Records from a dataset
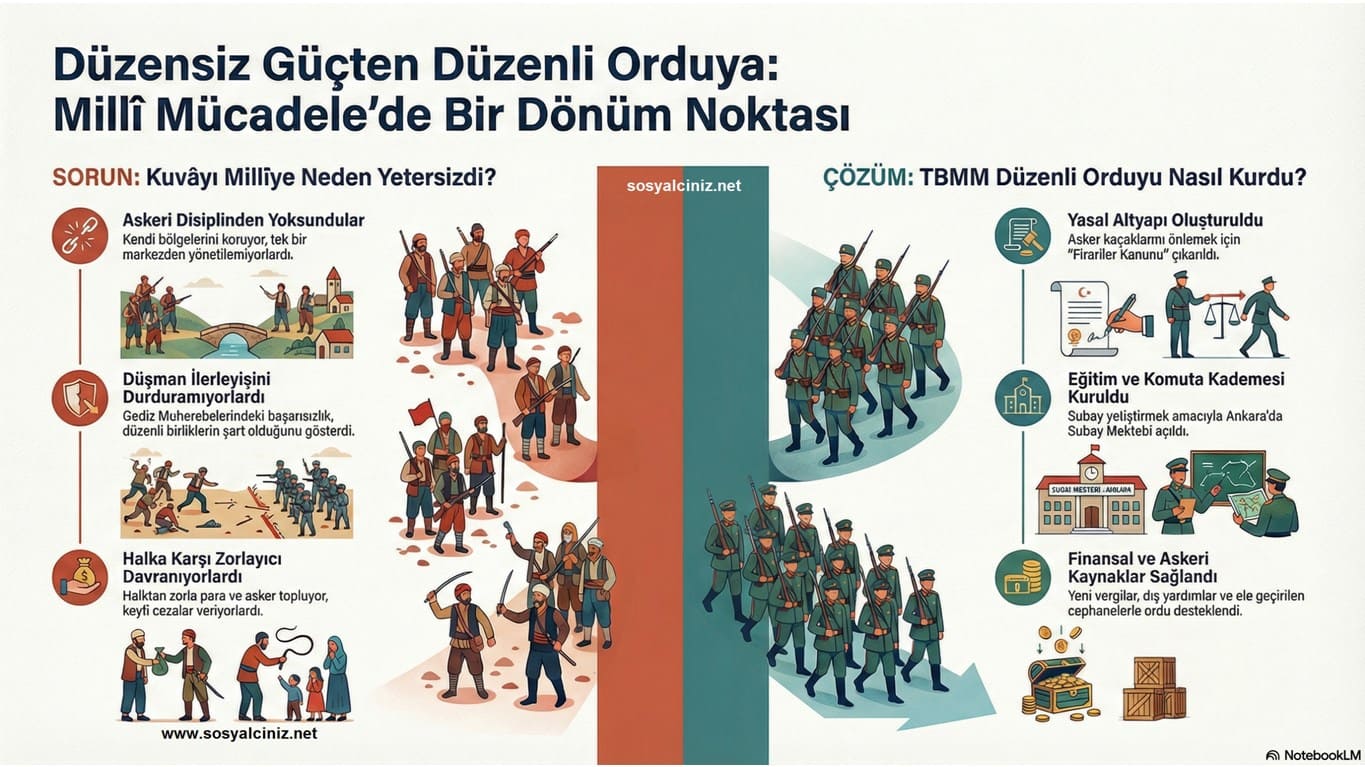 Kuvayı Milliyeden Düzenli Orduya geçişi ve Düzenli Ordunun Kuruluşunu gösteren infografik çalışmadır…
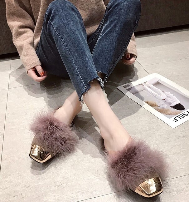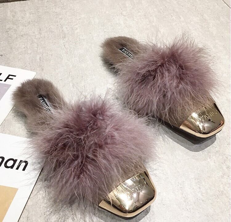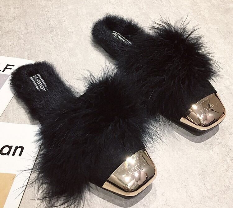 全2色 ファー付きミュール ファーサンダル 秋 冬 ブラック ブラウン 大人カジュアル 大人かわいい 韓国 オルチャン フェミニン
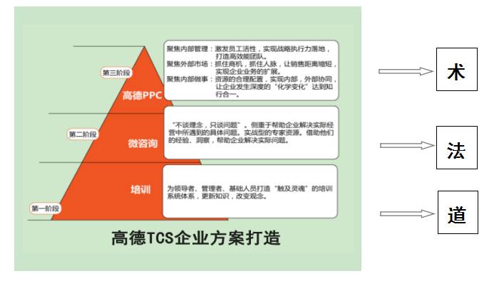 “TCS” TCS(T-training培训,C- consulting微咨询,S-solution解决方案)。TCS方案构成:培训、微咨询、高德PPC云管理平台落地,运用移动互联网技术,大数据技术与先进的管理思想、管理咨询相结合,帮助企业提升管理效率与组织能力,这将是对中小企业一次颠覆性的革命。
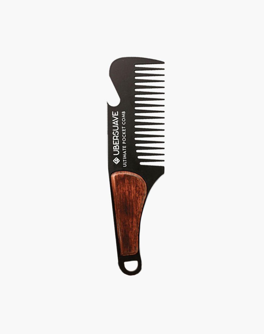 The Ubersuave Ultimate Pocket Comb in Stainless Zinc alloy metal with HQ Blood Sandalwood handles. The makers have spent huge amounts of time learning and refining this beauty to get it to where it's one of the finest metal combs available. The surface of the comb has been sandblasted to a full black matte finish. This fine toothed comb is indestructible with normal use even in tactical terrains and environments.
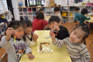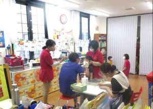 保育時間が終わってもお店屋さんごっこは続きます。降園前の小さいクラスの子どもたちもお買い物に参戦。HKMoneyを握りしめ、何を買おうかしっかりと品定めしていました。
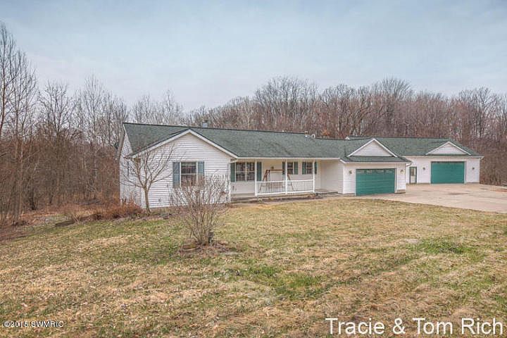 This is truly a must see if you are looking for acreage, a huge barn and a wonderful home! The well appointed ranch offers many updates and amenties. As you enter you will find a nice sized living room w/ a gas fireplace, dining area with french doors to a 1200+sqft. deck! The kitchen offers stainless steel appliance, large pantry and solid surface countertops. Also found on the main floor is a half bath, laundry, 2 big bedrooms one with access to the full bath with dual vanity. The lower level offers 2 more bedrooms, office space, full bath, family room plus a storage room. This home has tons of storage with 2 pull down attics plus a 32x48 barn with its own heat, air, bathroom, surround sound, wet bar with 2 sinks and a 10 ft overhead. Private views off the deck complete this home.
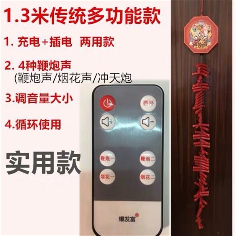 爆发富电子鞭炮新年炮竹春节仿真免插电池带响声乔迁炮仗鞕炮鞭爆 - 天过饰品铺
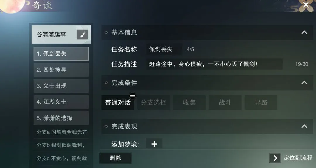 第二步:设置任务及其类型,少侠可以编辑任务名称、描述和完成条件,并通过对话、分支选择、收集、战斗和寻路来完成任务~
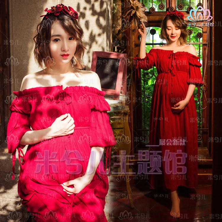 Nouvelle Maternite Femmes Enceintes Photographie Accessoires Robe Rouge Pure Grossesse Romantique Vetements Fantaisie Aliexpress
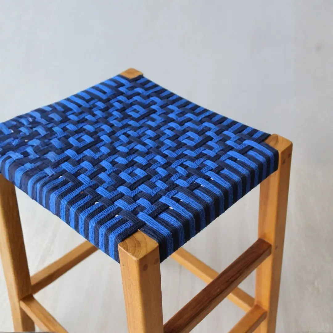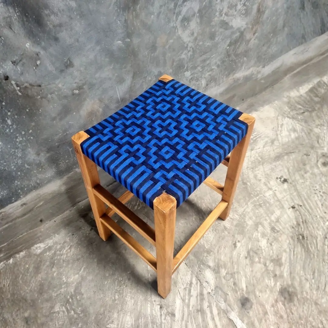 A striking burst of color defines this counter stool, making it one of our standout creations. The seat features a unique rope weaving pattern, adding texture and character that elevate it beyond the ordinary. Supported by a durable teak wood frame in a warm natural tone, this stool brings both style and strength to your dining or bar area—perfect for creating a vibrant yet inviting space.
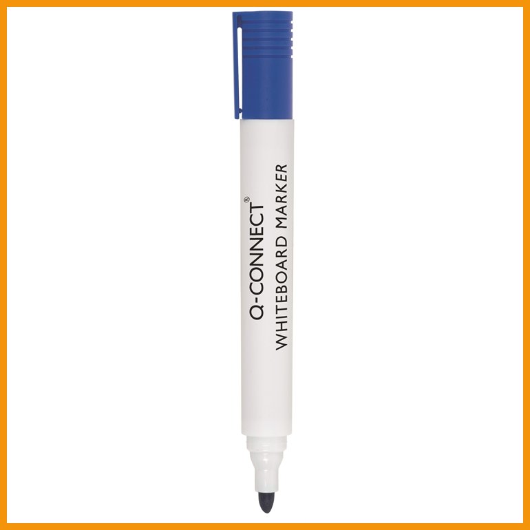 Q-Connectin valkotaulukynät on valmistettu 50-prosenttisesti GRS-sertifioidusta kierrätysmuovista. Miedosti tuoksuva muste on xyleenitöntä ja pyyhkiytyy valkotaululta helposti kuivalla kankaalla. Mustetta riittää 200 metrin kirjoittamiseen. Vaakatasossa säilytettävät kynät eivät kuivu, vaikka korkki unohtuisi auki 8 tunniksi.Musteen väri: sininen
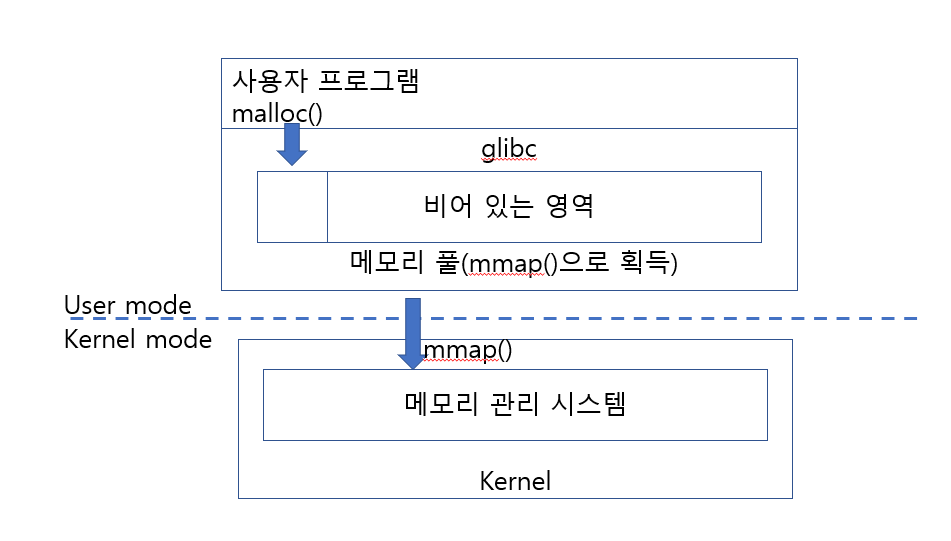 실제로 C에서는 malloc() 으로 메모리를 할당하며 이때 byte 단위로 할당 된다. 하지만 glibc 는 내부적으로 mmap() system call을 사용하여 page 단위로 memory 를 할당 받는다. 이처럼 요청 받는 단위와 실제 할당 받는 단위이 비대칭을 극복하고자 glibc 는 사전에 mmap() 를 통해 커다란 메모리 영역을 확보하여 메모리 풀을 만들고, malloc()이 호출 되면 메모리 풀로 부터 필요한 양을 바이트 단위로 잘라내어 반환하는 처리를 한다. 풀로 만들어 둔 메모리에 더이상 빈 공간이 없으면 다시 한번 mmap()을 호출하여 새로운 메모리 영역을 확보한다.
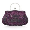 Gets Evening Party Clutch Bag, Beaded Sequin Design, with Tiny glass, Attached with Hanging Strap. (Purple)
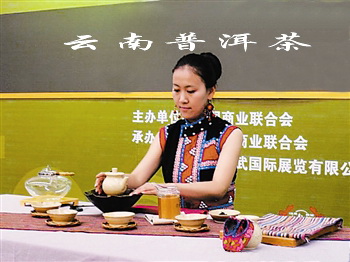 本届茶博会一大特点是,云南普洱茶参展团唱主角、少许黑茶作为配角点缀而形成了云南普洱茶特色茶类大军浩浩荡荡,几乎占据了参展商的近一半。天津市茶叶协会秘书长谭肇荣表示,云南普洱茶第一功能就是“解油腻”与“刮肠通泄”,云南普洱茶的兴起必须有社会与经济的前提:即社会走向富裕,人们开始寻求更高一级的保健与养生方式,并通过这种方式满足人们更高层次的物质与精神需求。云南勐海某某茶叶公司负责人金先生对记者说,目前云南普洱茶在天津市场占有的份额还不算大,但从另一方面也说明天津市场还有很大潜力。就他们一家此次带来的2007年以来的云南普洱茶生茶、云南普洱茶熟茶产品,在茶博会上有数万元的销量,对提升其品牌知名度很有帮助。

- [What is being asked]:
Every line from the one with "실제로 C에서는 malloc()" through the last line of the data must be copied exactly. Leave the pictures out.

- [Exercise output]:
 실제로 C에서는 malloc() 으로 메모리를 할당하며 이때 byte 단위로 할당 된다. 하지만 glibc 는 내부적으로 mmap() system call을 사용하여 page 단위로 memory 를 할당 받는다. 이처럼 요청 받는 단위와 실제 할당 받는 단위이 비대칭을 극복하고자 glibc 는 사전에 mmap() 를 통해 커다란 메모리 영역을 확보하여 메모리 풀을 만들고, malloc()이 호출 되면 메모리 풀로 부터 필요한 양을 바이트 단위로 잘라내어 반환하는 처리를 한다. 풀로 만들어 둔 메모리에 더이상 빈 공간이 없으면 다시 한번 mmap()을 호출하여 새로운 메모리 영역을 확보한다.
 Gets Evening Party Clutch Bag, Beaded Sequin Design, with Tiny glass, Attached with Hanging Strap. (Purple)
 本届茶博会一大特点是,云南普洱茶参展团唱主角、少许黑茶作为配角点缀而形成了云南普洱茶特色茶类大军浩浩荡荡,几乎占据了参展商的近一半。天津市茶叶协会秘书长谭肇荣表示,云南普洱茶第一功能就是“解油腻”与“刮肠通泄”,云南普洱茶的兴起必须有社会与经济的前提:即社会走向富裕,人们开始寻求更高一级的保健与养生方式,并通过这种方式满足人们更高层次的物质与精神需求。云南勐海某某茶叶公司负责人金先生对记者说,目前云南普洱茶在天津市场占有的份额还不算大,但从另一方面也说明天津市场还有很大潜力。就他们一家此次带来的2007年以来的云南普洱茶生茶、云南普洱茶熟茶产品,在茶博会上有数万元的销量,对提升其品牌知名度很有帮助。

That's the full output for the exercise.